Now, in FBI interview transcripts unsealed Friday in U.S. District Court in Denver, where McVeigh goes on trial this year, the 30-year-old Lebron lays out in graphic, emotional detail his recollection of McVeigh's distrust of liberals, his quirky turns of behavior and his growing hatred of the national government.

Lebron was crucial to the FBI in its initial investigation of the bombing. He was one of their first chief witnesses. And he provided instant insight into the central figure in the investigation of the worst terrorist attack in the United States.

Lebron, for example, told the FBI that one of the last times he talked to his friend, McVeigh told him, in effect: "I can't stay out of trouble," or "Trouble will find me."

He said McVeigh bragged that he wasn't anti-government, he was "anti-big government."

And McVeigh sometimes would criticize Lebron for not completely embracing the anti-Washington vitriol found in books, magazines and other correspondence he passed around at work.

"This is just a hobby for you, reading these books," McVeigh once challenged him, Lebron said. "You're stomping your feet and not doing anything about it."

Lebron's statements are part of nearly 100 pages of new material made public Friday by Judge Richard P. Matsch.
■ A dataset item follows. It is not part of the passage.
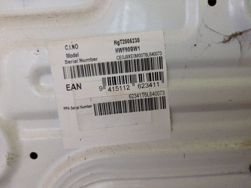 Haier Inverter Motor Washing Machine. Model HWF90BW1. Serial NO. CE0J9XE0M00T6L640073.

The documents were unsealed after media attorneys argued that too much material in the case against McVeigh and his former Army buddy and co-defendant Terry L. Nichols is hidden under seal.

With McVeigh to be tried beginning March 31, and with Nichols' trial to follow, prosecutors and defense attorneys have filed tens of thousands of pages of documents regarding the April 1995 bombing of the Alfred P. Murrah Federal Building. The blast killed 168 people and injured 850 others.